··· Input material ···

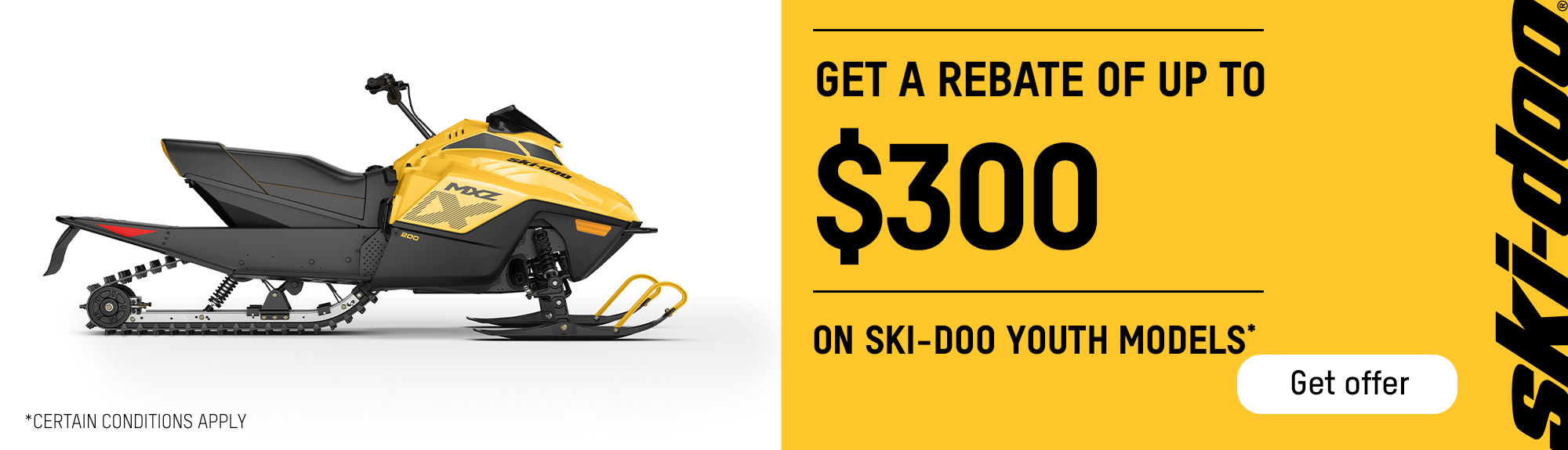 † Get a $300 rebate : Consumers who purchase a new and unused 2026 Youth Ski-Doo model during the promotional period are eligible for a $300 rebate.
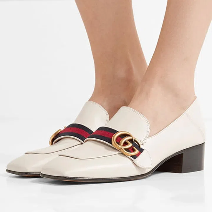 Loafers are sleek and professional, but the best part is, they're really easy to slip on as well. They're basically an upgraded version of slippers. Gucci's version of the loafer pumps are set on a stacked block heel which has a collapsible back which allows you to style them as slippers - rendering it the most perfect plane shoe we've ever seen. For added comfort, wear this with a pair of footie socks.
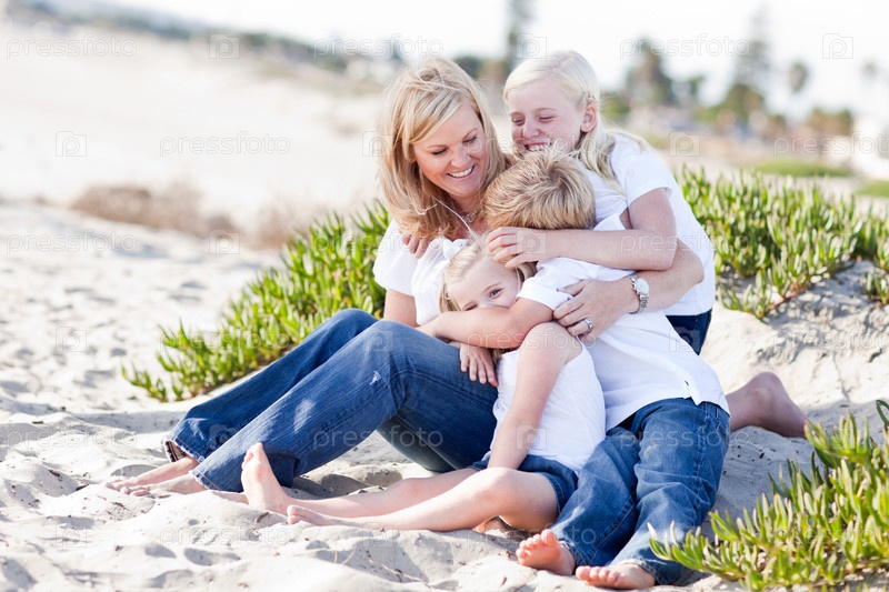 Привлекательная женщина с детьми на пляже
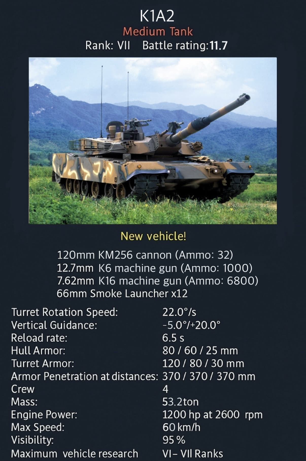 To counter the introduction of North Korea’s T-72 tanks, an upgraded version the K1A1 was later developed, featuring a 120mm smoothbore gun and Korean composite armor, with 484 units produced. From 2012 onward, further modernization led to the K1A2, integrating advanced digital systems and battle management capabilities.
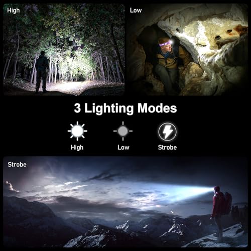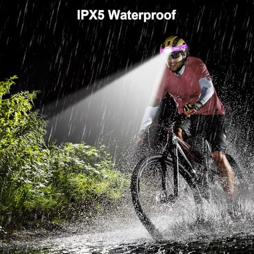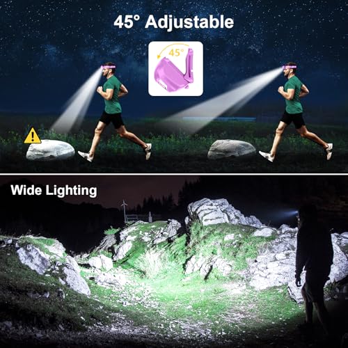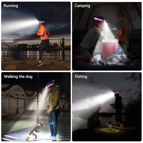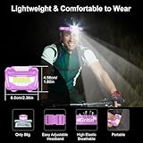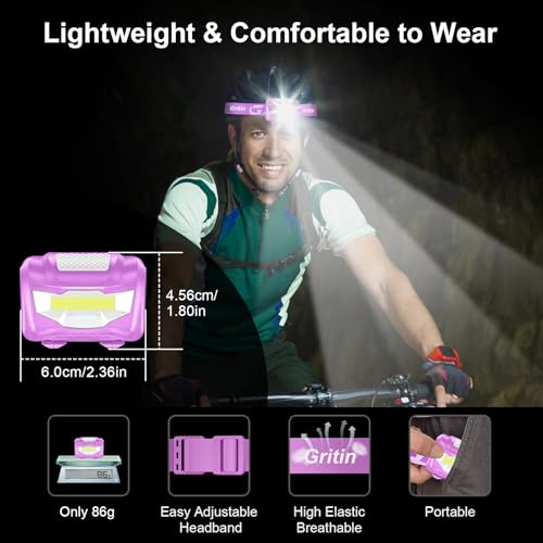 Gritin LED Head Torch, [2 Pack] Super Bright Headlamp Headlight with 3 Modes, Waterproof, Battery Powered LED Lightweight for Camping, Outdoors, Emergency [6 AAA Batteries Included]-Lavender

···

Task instructions
Could you set down exactly, and only, the lines from the line containing "Привлекательная женщина с детьми на пляже" through the last line of the records, both included, without the pictures?

Task answer
 Привлекательная женщина с детьми на пляже
 To counter the introduction of North Korea’s T-72 tanks, an upgraded version the K1A1 was later developed, featuring a 120mm smoothbore gun and Korean composite armor, with 484 units produced. From 2012 onward, further modernization led to the K1A2, integrating advanced digital systems and battle management capabilities.
 Gritin LED Head Torch, [2 Pack] Super Bright Headlamp Headlight with 3 Modes, Waterproof, Battery Powered LED Lightweight for Camping, Outdoors, Emergency [6 AAA Batteries Included]-Lavender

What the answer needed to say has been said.